## Exercise brief
All lines in the material below that hold "para" should be found and copied.

## Source information
+++++
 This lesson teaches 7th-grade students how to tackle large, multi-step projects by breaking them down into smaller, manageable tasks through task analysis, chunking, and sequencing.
+++++
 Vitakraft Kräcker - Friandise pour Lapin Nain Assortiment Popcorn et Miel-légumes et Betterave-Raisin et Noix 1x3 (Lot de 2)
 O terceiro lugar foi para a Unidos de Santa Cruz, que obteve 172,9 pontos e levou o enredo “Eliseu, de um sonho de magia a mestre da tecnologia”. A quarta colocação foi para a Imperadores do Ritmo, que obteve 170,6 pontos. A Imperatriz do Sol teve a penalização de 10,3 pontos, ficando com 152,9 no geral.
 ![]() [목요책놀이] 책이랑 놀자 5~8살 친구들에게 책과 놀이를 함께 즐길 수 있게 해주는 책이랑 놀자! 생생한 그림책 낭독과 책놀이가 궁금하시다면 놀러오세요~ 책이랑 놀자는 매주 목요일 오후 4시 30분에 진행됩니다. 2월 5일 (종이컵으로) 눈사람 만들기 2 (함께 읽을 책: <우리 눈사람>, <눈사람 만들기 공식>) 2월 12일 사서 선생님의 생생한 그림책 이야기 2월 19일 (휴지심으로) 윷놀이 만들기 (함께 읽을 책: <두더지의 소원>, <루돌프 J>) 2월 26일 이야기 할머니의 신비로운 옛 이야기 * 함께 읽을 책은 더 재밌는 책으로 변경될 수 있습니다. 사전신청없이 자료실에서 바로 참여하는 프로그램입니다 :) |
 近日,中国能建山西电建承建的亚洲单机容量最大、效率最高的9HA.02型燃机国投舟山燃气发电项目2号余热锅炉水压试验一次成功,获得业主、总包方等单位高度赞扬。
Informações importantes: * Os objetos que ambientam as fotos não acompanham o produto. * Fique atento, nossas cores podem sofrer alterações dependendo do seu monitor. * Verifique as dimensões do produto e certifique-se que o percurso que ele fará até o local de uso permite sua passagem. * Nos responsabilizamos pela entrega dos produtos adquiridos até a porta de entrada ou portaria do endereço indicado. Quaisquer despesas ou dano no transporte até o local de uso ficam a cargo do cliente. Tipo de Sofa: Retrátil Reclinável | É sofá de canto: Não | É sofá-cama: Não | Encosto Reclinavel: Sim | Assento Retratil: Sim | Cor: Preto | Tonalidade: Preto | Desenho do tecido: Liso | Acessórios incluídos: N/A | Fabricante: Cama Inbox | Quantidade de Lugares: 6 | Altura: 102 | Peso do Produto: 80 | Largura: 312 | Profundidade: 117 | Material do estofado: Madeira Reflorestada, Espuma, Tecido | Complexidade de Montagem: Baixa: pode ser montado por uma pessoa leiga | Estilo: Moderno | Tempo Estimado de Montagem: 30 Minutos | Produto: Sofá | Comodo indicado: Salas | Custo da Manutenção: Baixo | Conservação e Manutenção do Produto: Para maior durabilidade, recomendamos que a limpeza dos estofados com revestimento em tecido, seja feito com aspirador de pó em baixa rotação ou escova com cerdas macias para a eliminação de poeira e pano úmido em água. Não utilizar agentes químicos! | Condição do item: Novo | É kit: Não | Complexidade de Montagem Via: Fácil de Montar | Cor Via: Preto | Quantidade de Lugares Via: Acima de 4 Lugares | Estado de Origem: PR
+++++
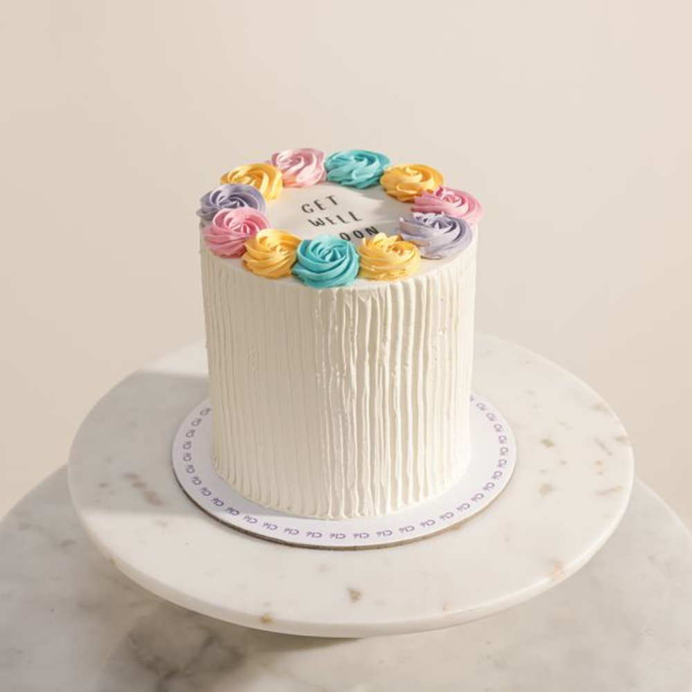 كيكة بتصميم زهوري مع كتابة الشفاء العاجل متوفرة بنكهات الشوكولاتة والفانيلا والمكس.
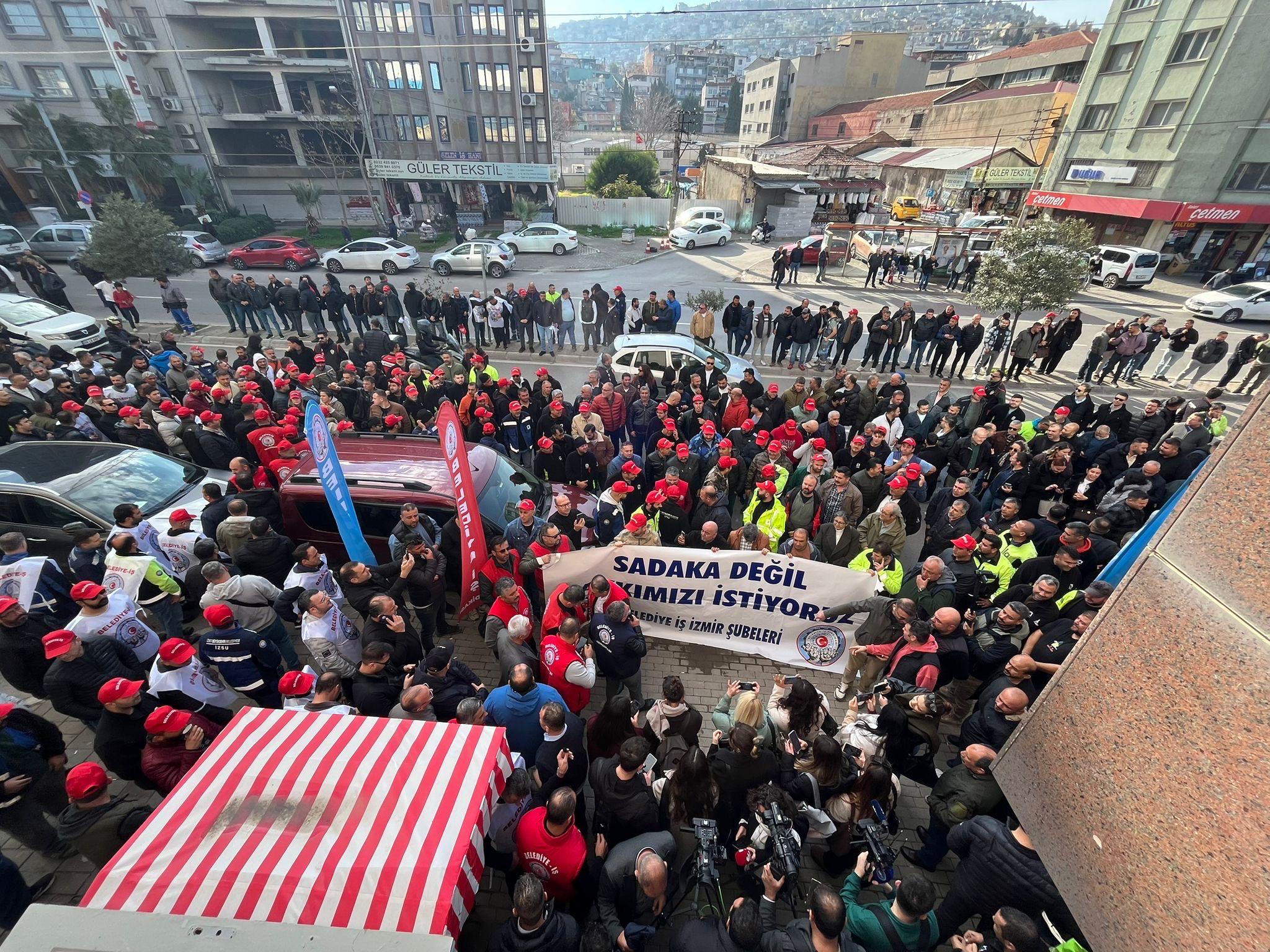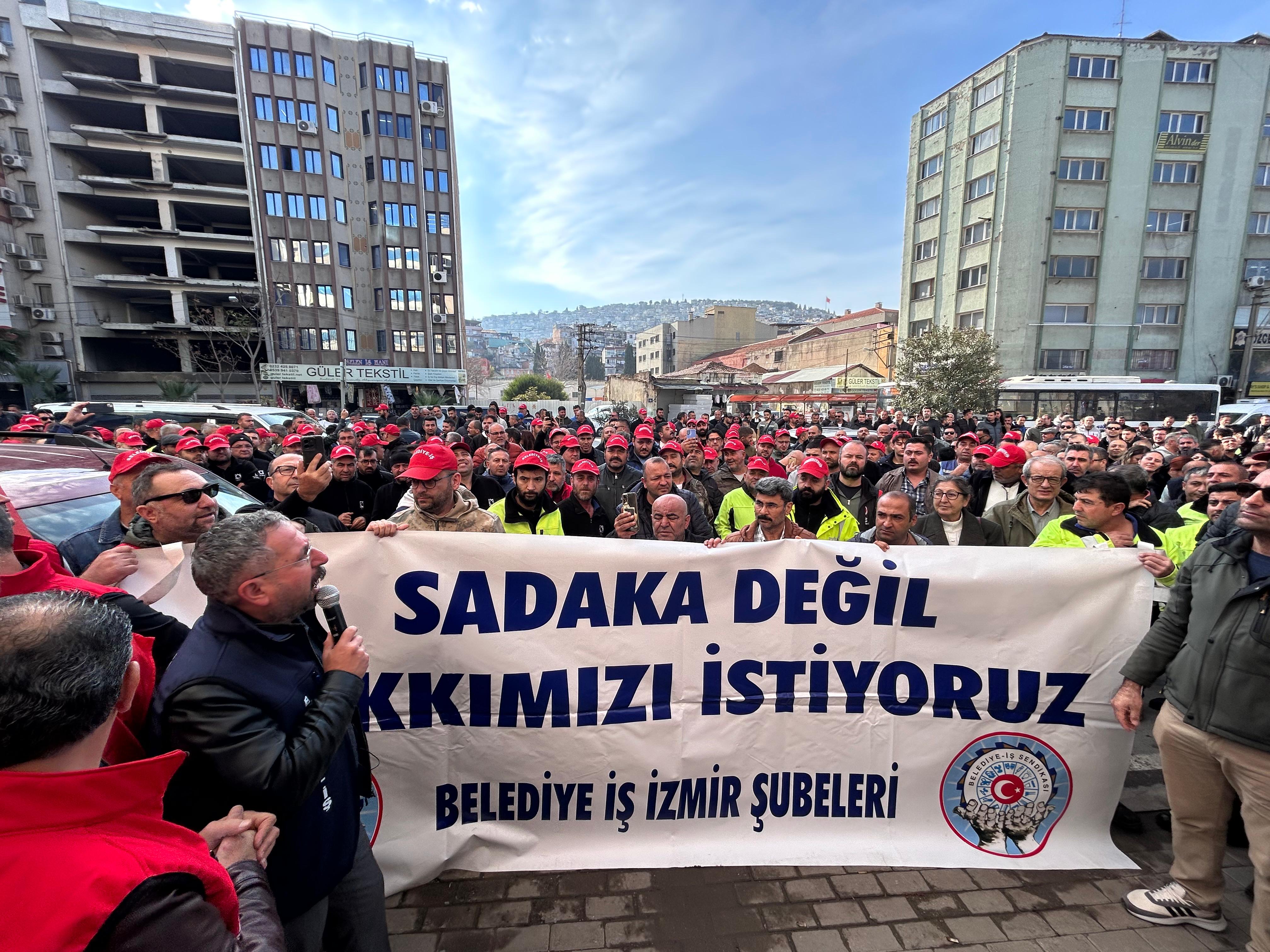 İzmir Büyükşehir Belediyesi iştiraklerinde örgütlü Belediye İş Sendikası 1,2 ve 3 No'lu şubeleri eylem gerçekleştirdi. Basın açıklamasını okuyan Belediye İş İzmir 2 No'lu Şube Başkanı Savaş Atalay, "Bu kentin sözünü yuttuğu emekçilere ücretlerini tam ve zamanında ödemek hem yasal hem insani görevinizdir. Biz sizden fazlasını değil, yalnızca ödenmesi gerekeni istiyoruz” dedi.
+++++
## Output of the exercise
 O terceiro lugar foi para a Unidos de Santa Cruz, que obteve 172,9 pontos e levou o enredo “Eliseu, de um sonho de magia a mestre da tecnologia”. A quarta colocação foi para a Imperadores do Ritmo, que obteve 170,6 pontos. A Imperatriz do Sol teve a penalização de 10,3 pontos, ficando com 152,9 no geral.
Informações importantes: * Os objetos que ambientam as fotos não acompanham o produto. * Fique atento, nossas cores podem sofrer alterações dependendo do seu monitor. * Verifique as dimensões do produto e certifique-se que o percurso que ele fará até o local de uso permite sua passagem. * Nos responsabilizamos pela entrega dos produtos adquiridos até a porta de entrada ou portaria do endereço indicado. Quaisquer despesas ou dano no transporte até o local de uso ficam a cargo do cliente. Tipo de Sofa: Retrátil Reclinável | É sofá de canto: Não | É sofá-cama: Não | Encosto Reclinavel: Sim | Assento Retratil: Sim | Cor: Preto | Tonalidade: Preto | Desenho do tecido: Liso | Acessórios incluídos: N/A | Fabricante: Cama Inbox | Quantidade de Lugares: 6 | Altura: 102 | Peso do Produto: 80 | Largura: 312 | Profundidade: 117 | Material do estofado: Madeira Reflorestada, Espuma, Tecido | Complexidade de Montagem: Baixa: pode ser montado por uma pessoa leiga | Estilo: Moderno | Tempo Estimado de Montagem: 30 Minutos | Produto: Sofá | Comodo indicado: Salas | Custo da Manutenção: Baixo | Conservação e Manutenção do Produto: Para maior durabilidade, recomendamos que a limpeza dos estofados com revestimento em tecido, seja feito com aspirador de pó em baixa rotação ou escova com cerdas macias para a eliminação de poeira e pano úmido em água. Não utilizar agentes químicos! | Condição do item: Novo | É kit: Não | Complexidade de Montagem Via: Fácil de Montar | Cor Via: Preto | Quantidade de Lugares Via: Acima de 4 Lugares | Estado de Origem: PR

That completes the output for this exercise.